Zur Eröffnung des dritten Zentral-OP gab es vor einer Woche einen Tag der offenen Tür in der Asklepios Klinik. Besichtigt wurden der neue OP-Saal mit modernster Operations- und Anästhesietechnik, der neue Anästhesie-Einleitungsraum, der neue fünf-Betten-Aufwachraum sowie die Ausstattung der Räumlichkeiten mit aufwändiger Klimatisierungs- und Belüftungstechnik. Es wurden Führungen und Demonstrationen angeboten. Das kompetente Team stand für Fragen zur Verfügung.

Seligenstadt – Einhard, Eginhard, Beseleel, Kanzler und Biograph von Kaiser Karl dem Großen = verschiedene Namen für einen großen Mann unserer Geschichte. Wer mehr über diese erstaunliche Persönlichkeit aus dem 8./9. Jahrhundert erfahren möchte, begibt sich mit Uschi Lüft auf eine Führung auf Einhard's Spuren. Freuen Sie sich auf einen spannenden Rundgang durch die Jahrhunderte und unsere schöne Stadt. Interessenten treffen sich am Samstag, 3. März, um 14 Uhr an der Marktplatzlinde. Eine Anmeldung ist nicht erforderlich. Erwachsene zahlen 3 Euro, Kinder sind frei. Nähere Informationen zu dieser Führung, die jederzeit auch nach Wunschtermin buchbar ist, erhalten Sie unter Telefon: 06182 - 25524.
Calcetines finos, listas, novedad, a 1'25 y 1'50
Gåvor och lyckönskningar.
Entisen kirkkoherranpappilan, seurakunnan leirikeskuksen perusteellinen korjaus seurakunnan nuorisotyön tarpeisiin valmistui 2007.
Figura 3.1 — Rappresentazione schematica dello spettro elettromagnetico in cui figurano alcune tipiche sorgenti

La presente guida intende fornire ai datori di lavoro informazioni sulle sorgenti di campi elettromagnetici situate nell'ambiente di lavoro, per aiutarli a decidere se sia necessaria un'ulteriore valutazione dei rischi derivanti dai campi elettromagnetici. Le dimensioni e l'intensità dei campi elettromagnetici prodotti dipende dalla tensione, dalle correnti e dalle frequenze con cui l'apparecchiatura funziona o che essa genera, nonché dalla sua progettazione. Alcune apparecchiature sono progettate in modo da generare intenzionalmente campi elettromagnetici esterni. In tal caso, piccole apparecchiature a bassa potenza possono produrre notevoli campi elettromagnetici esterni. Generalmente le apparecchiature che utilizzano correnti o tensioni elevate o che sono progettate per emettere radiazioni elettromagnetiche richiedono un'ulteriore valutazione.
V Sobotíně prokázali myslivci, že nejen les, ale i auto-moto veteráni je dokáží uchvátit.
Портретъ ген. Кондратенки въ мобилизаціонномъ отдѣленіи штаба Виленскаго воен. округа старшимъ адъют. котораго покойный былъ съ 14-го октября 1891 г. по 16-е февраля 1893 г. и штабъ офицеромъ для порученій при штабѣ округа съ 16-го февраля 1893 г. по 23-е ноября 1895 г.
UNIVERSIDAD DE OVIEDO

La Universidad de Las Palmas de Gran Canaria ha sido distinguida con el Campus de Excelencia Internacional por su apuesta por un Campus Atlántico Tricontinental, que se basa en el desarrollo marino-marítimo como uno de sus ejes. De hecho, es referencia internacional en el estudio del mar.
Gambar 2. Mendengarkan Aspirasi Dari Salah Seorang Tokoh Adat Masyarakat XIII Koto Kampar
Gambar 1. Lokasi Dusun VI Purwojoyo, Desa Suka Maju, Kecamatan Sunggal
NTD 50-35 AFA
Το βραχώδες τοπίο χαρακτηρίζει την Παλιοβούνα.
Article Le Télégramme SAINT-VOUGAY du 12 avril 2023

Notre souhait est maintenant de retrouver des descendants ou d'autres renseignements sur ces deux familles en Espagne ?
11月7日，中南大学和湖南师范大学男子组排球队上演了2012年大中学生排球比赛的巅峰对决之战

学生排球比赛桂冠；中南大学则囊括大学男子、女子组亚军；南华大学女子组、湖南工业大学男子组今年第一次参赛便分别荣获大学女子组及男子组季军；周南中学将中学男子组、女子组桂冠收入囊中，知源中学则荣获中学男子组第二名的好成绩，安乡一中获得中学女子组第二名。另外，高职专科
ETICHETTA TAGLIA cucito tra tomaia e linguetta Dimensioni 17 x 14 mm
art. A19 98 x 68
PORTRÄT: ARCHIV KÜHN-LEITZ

Aim of the exercise -
The records above must be repeated exactly, in their entirety.

Result for this task -
Zur Eröffnung des dritten Zentral-OP gab es vor einer Woche einen Tag der offenen Tür in der Asklepios Klinik. Besichtigt wurden der neue OP-Saal mit modernster Operations- und Anästhesietechnik, der neue Anästhesie-Einleitungsraum, der neue fünf-Betten-Aufwachraum sowie die Ausstattung der Räumlichkeiten mit aufwändiger Klimatisierungs- und Belüftungstechnik. Es wurden Führungen und Demonstrationen angeboten. Das kompetente Team stand für Fragen zur Verfügung.

Seligenstadt – Einhard, Eginhard, Beseleel, Kanzler und Biograph von Kaiser Karl dem Großen = verschiedene Namen für einen großen Mann unserer Geschichte. Wer mehr über diese erstaunliche Persönlichkeit aus dem 8./9. Jahrhundert erfahren möchte, begibt sich mit Uschi Lüft auf eine Führung auf Einhard's Spuren. Freuen Sie sich auf einen spannenden Rundgang durch die Jahrhunderte und unsere schöne Stadt. Interessenten treffen sich am Samstag, 3. März, um 14 Uhr an der Marktplatzlinde. Eine Anmeldung ist nicht erforderlich. Erwachsene zahlen 3 Euro, Kinder sind frei. Nähere Informationen zu dieser Führung, die jederzeit auch nach Wunschtermin buchbar ist, erhalten Sie unter Telefon: 06182 - 25524.
Calcetines finos, listas, novedad, a 1'25 y 1'50
Gåvor och lyckönskningar.
Entisen kirkkoherranpappilan, seurakunnan leirikeskuksen perusteellinen korjaus seurakunnan nuorisotyön tarpeisiin valmistui 2007.
Figura 3.1 — Rappresentazione schematica dello spettro elettromagnetico in cui figurano alcune tipiche sorgenti

La presente guida intende fornire ai datori di lavoro informazioni sulle sorgenti di campi elettromagnetici situate nell'ambiente di lavoro, per aiutarli a decidere se sia necessaria un'ulteriore valutazione dei rischi derivanti dai campi elettromagnetici. Le dimensioni e l'intensità dei campi elettromagnetici prodotti dipende dalla tensione, dalle correnti e dalle frequenze con cui l'apparecchiatura funziona o che essa genera, nonché dalla sua progettazione. Alcune apparecchiature sono progettate in modo da generare intenzionalmente campi elettromagnetici esterni. In tal caso, piccole apparecchiature a bassa potenza possono produrre notevoli campi elettromagnetici esterni. Generalmente le apparecchiature che utilizzano correnti o tensioni elevate o che sono progettate per emettere radiazioni elettromagnetiche richiedono un'ulteriore valutazione.
V Sobotíně prokázali myslivci, že nejen les, ale i auto-moto veteráni je dokáží uchvátit.
Портретъ ген. Кондратенки въ мобилизаціонномъ отдѣленіи штаба Виленскаго воен. округа старшимъ адъют. котораго покойный былъ съ 14-го октября 1891 г. по 16-е февраля 1893 г. и штабъ офицеромъ для порученій при штабѣ округа съ 16-го февраля 1893 г. по 23-е ноября 1895 г.
UNIVERSIDAD DE OVIEDO

La Universidad de Las Palmas de Gran Canaria ha sido distinguida con el Campus de Excelencia Internacional por su apuesta por un Campus Atlántico Tricontinental, que se basa en el desarrollo marino-marítimo como uno de sus ejes. De hecho, es referencia internacional en el estudio del mar.
Gambar 2. Mendengarkan Aspirasi Dari Salah Seorang Tokoh Adat Masyarakat XIII Koto Kampar
Gambar 1. Lokasi Dusun VI Purwojoyo, Desa Suka Maju, Kecamatan Sunggal
NTD 50-35 AFA
Το βραχώδες τοπίο χαρακτηρίζει την Παλιοβούνα.
Article Le Télégramme SAINT-VOUGAY du 12 avril 2023

Notre souhait est maintenant de retrouver des descendants ou d'autres renseignements sur ces deux familles en Espagne ?
11月7日，中南大学和湖南师范大学男子组排球队上演了2012年大中学生排球比赛的巅峰对决之战

学生排球比赛桂冠；中南大学则囊括大学男子、女子组亚军；南华大学女子组、湖南工业大学男子组今年第一次参赛便分别荣获大学女子组及男子组季军；周南中学将中学男子组、女子组桂冠收入囊中，知源中学则荣获中学男子组第二名的好成绩，安乡一中获得中学女子组第二名。另外，高职专科
ETICHETTA TAGLIA cucito tra tomaia e linguetta Dimensioni 17 x 14 mm
art. A19 98 x 68
PORTRÄT: ARCHIV KÜHN-LEITZ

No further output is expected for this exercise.